10 Things I Hate About Being Pregnant

Thanks Nik.

It is nice for some people that they manage to romanticize the gestation, birth and infant-care process. I'm so glad they are capable of finding something lovely and transcendent in: being horrifyingly bloated and ill for nearly a year, hours and hours of agonizing pain combined with bloodshed and much that is too gruesome to describe in mixed company followed by months and months of feeding cleaning the bodily emissions of a squalling but incredibly delicate and vulnerable creature who is incapable of human communication.

More power to you, I say. If only I could share your illusion.

I'd have to steal her #10: The fact I actually become a parent. Permanently. And will never be cool again.

#9: Being a mommy. All the ideological stuff that goes along with being a mommy. The Freudian shit. The fact I'm supposed to change and become saintly and self-sacrificing...As if! Or else I'm evil. There's just no in between for mommies. Mediocrity is failure. And failure when you are a mommy=you are evil.

There is no perfecting this task. You will be inadequate. The whole question is how.

#8: Going to the doctor. The doctor is so happy for me it gets embarrassing. She chirps. "This is great! All your tests are normal!!! Everything seems just great!" I just kind of say 'yeah.' I smile wanly. But out-enthusing her would be a superhuman task. So I seem like I could not care less. Then I feel evil. See #9.

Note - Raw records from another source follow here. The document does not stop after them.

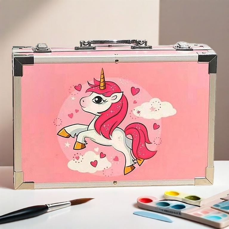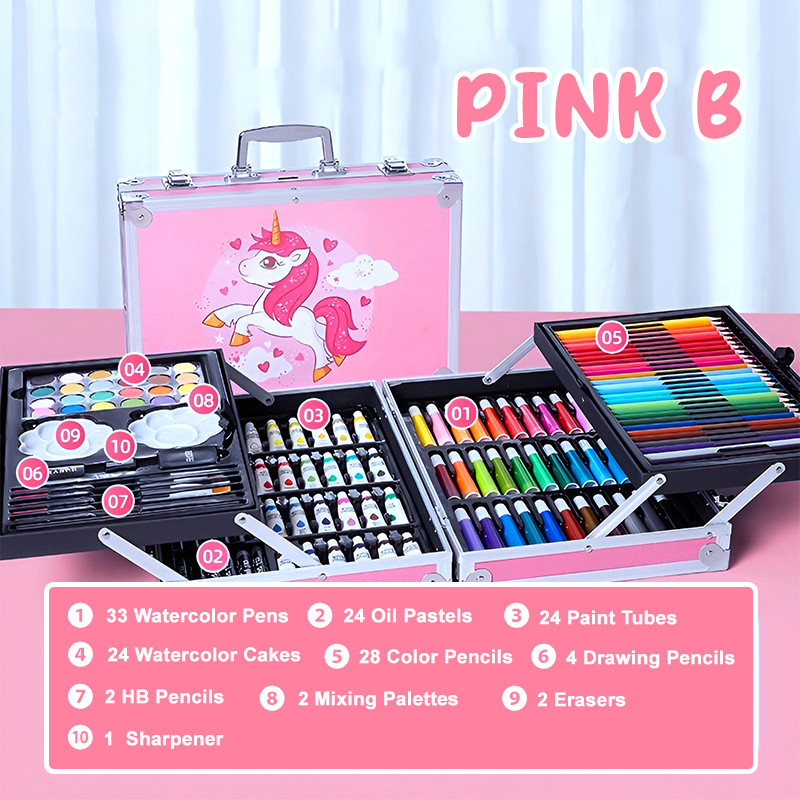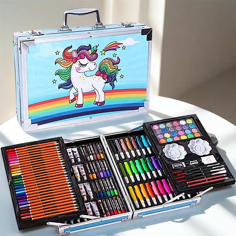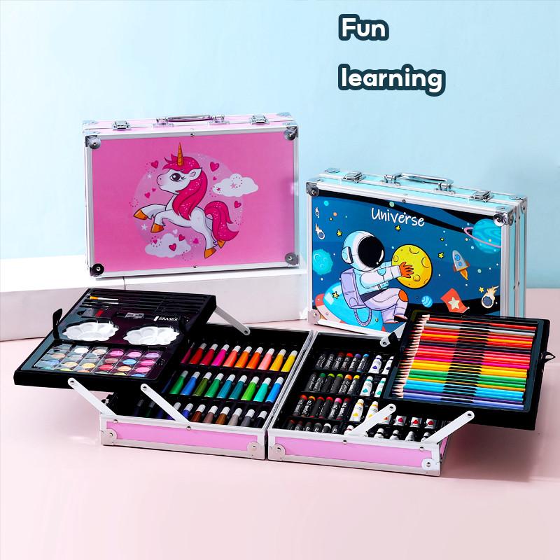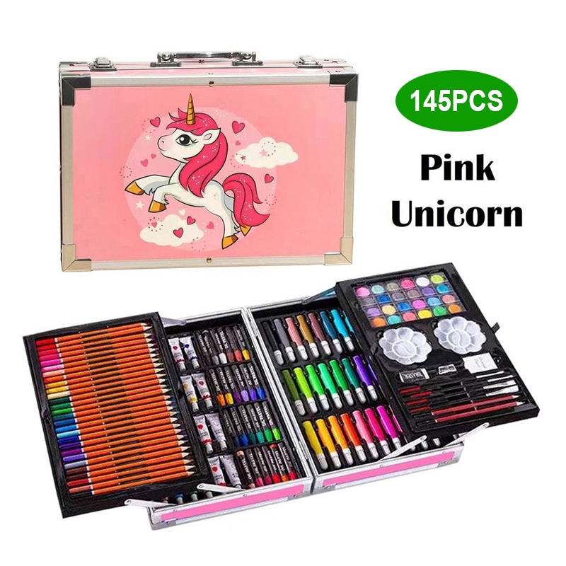 145pcs Art set Unicorn Design Aluminum Case Painting Pen Stationery Set Watercolor Pens Crayon Marker Pencil Drawing Pai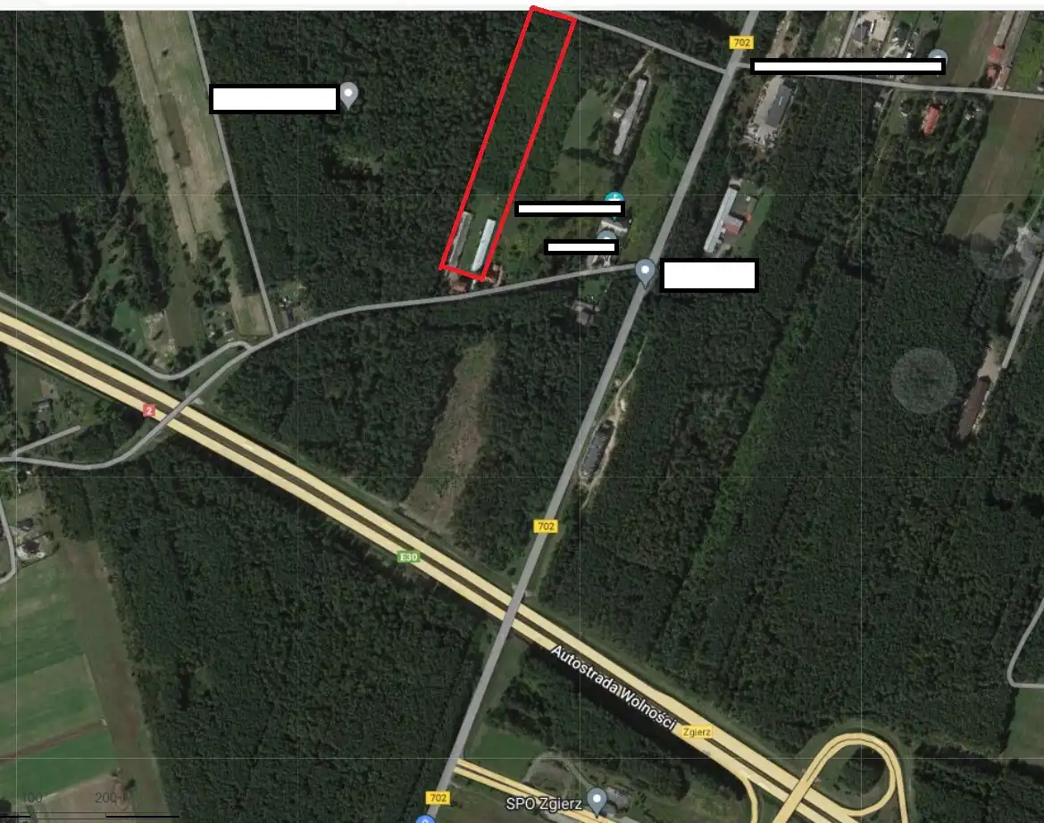 Istnieje możliwość dokupienia sąsiedniej działki o powierzchni 12 493m2 celem powiększenia terenu. Wtedy łączna powierzchnia działki wynosiłaby 30 956m2, a wjazd na działkę miałby szerokość 95,5m.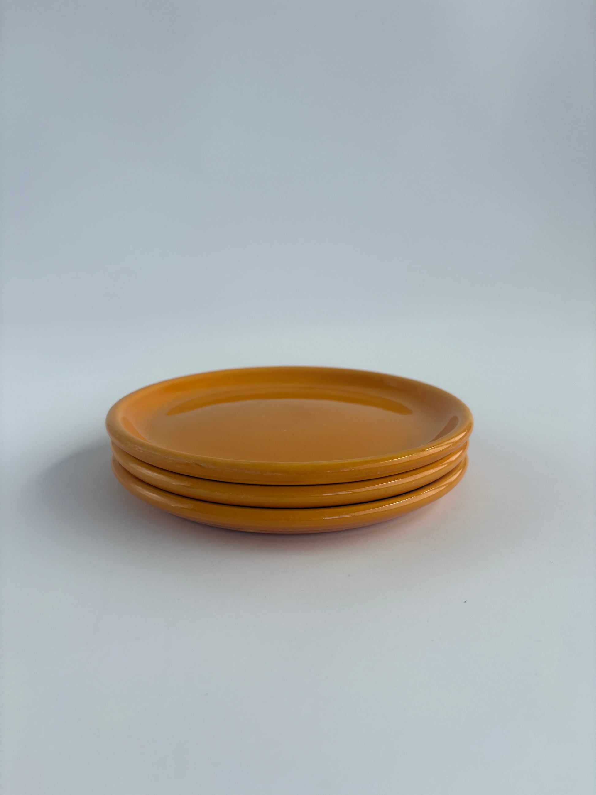Set of 3 small plates in a vibrant orange color from Salins France. A cheerful pop of color for your table — perfect for small bites, desserts, or simply as a fun accent. Ø17 cm.

#7: Sensory overload. Bizarre obsession with food and smells and anything icky. The other day on the subway there was a throw up car. It wasn't just me. It was virtually impossible to breathe. People fled from it at the next stop. I can't even imagine a natural explanation for that smell--it was unholy. It was supernaturally horrible. But then I was haunted by it. For days. And days. And this happens. You eat something that tastes bad and you remember it. For weeks, sometimes months. And then you eat something delicious. And you are obsessed. You will travel 45 miles to repeat the experience. You lay awake thinking about it. The bad and icky far outnumbers the good and delicious though. This is perhaps why I haven't gained any weight since last month. I went from being able to eat out of communal bowls in third world countries to being unable to eat anything touched by human hands.

Will I ever be able to forget the range of smells I've unwillingly experienced?

#6: Total personality transformation. I used to be a loner and needed long times by myself. Now I need to be around my husband all the time. OK, I was always a complainer of sorts. But I've broken some kind of record. Never in my life did I imagine that there could be so many bodily things one could complain about. I've had moods that seem outside the realm of normal moods--but I've given my moods nicknames.

E.g., the amnesia: Imagine that something awful is about to happen. But then you get amnesia. The only thing you remember is this terrible feeling of dread. However, you can't remember why you have this feeling.

The extreme annoyance for no reason: Imagine that an invisible imp is sticking its fingers in your mouth or batting your elbow away when you put it down on something (didn't you hate it when people did that?) or tweaking your nose. You'd be annoyed wouldn't you--you'd go nearly insane with annoyance. Now imagine that you are even more annoyed than this but for no reason.

#5: The nightmares (not the sex dreams--those are sometimes quite enjoyable)....The baby shrinks and I can't find it. It becomes invisible, etc. Or I move to the Midwest.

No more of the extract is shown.